Segment Open

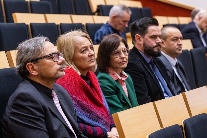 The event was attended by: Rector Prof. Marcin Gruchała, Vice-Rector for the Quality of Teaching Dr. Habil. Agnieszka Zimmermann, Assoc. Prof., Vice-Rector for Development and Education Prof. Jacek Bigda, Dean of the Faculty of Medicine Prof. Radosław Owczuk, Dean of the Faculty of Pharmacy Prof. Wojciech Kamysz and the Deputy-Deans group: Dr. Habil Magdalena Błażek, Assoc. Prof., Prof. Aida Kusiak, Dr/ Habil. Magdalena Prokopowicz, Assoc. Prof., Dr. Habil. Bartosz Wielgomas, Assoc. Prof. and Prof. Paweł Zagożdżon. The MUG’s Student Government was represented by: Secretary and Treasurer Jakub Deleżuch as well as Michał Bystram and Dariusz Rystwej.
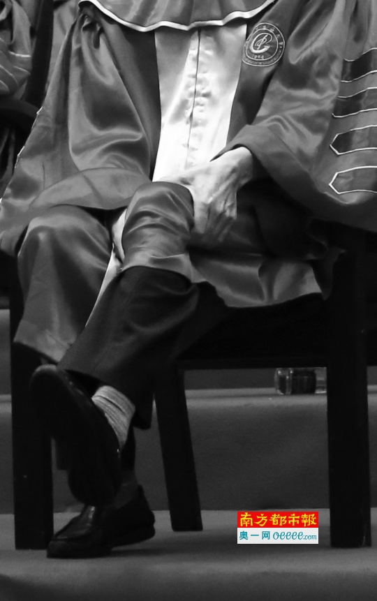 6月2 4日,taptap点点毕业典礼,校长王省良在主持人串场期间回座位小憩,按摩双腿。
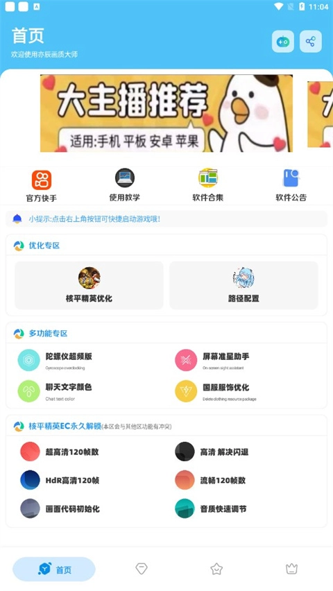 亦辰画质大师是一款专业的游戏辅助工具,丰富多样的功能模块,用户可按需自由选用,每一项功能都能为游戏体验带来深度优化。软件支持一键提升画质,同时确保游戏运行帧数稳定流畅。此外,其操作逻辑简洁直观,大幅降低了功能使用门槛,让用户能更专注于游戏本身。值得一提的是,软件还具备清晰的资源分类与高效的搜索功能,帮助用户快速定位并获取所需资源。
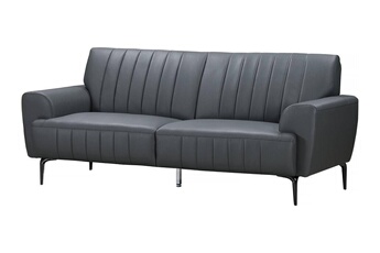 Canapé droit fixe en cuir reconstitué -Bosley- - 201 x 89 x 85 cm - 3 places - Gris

Segment Closed
Segment Open

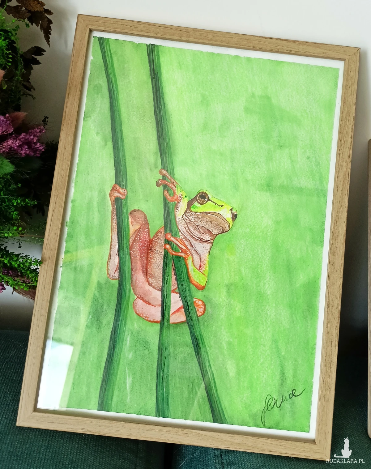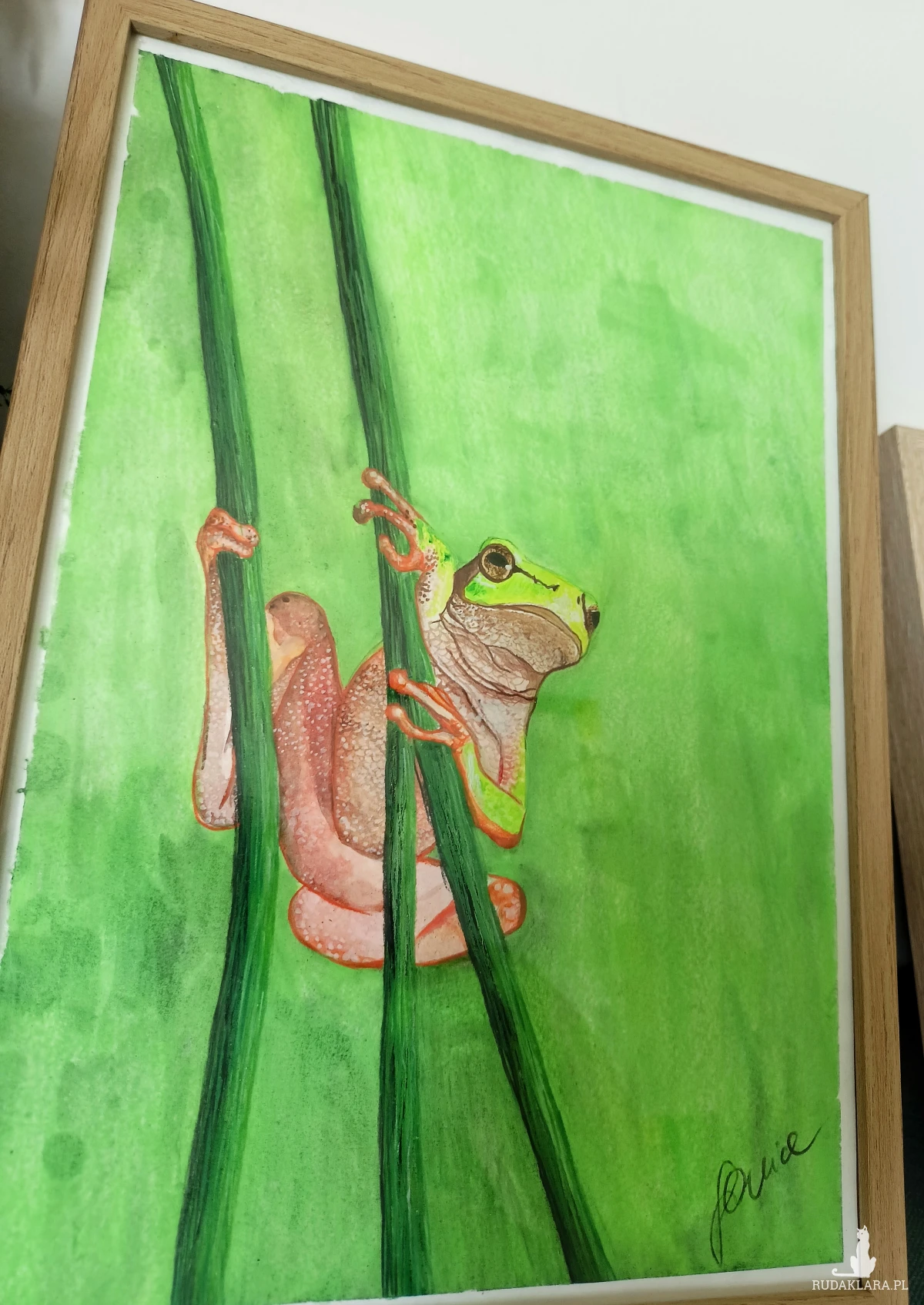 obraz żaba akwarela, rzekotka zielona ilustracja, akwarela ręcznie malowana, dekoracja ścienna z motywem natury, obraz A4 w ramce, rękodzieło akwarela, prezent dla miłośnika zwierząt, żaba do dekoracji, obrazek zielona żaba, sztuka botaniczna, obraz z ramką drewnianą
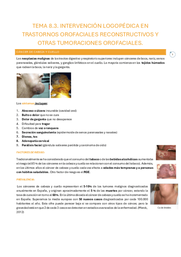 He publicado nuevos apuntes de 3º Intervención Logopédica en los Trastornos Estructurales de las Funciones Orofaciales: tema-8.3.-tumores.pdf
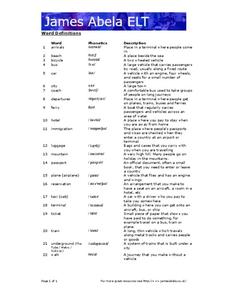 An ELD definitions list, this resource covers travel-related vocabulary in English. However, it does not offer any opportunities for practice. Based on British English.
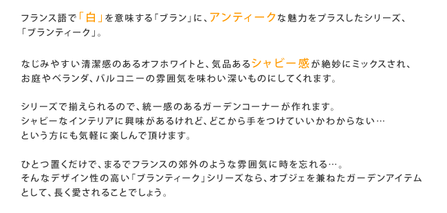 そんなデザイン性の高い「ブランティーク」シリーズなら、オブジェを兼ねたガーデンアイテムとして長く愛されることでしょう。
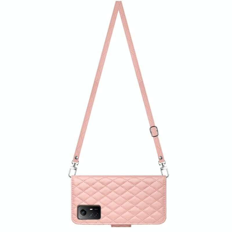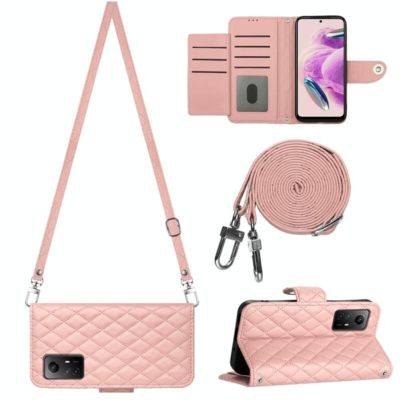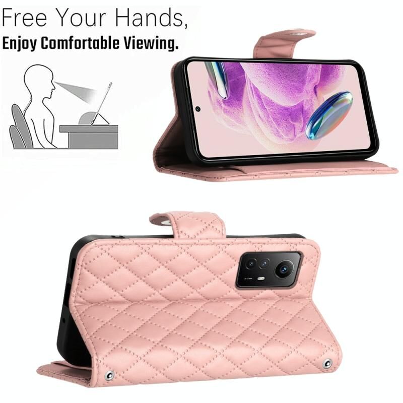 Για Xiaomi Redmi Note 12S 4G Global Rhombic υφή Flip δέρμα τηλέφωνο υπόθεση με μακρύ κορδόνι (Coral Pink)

Segment Closed
Segment Open

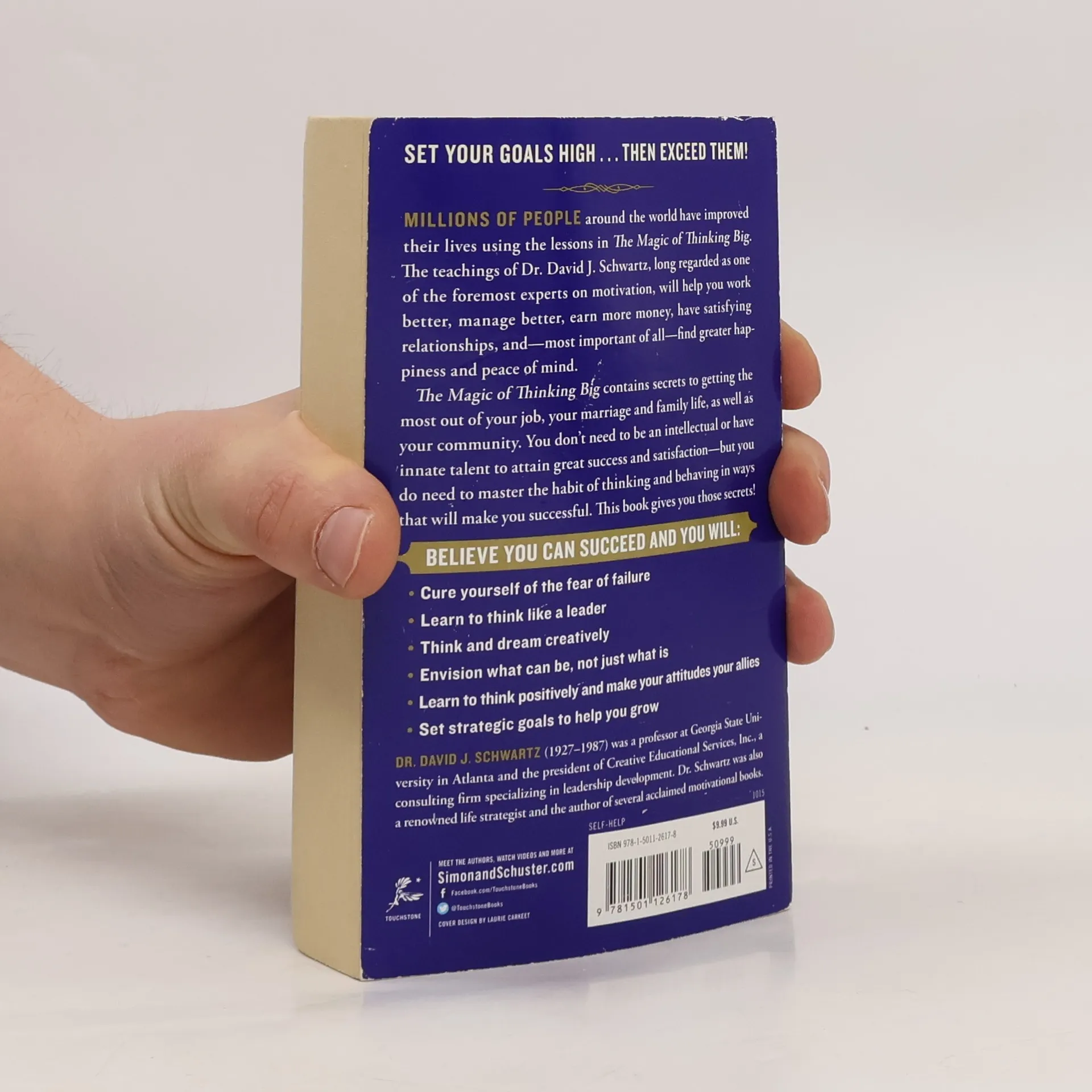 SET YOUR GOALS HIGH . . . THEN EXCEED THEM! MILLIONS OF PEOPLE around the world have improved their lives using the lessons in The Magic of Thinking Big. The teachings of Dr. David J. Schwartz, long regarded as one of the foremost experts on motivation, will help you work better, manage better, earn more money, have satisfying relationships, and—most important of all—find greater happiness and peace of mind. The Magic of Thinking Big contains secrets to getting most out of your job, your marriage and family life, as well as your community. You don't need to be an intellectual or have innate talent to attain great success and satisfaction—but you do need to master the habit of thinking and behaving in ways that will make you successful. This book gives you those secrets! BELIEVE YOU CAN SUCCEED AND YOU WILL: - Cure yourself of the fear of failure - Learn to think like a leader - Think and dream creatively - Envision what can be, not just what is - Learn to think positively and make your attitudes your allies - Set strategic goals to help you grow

Segment Closed

# Work item:
From the records above, quote word for word only the lines beginning at the line that has "He publicado nuevos" and stopping after the line that has "Για Xiaomi Redmi". Omit the pictures.

# Task result:
 He publicado nuevos apuntes de 3º Intervención Logopédica en los Trastornos Estructurales de las Funciones Orofaciales: tema-8.3.-tumores.pdf
 An ELD definitions list, this resource covers travel-related vocabulary in English. However, it does not offer any opportunities for practice. Based on British English.
 そんなデザイン性の高い「ブランティーク」シリーズなら、オブジェを兼ねたガーデンアイテムとして長く愛されることでしょう。
 Για Xiaomi Redmi Note 12S 4G Global Rhombic υφή Flip δέρμα τηλέφωνο υπόθεση με μακρύ κορδόνι (Coral Pink)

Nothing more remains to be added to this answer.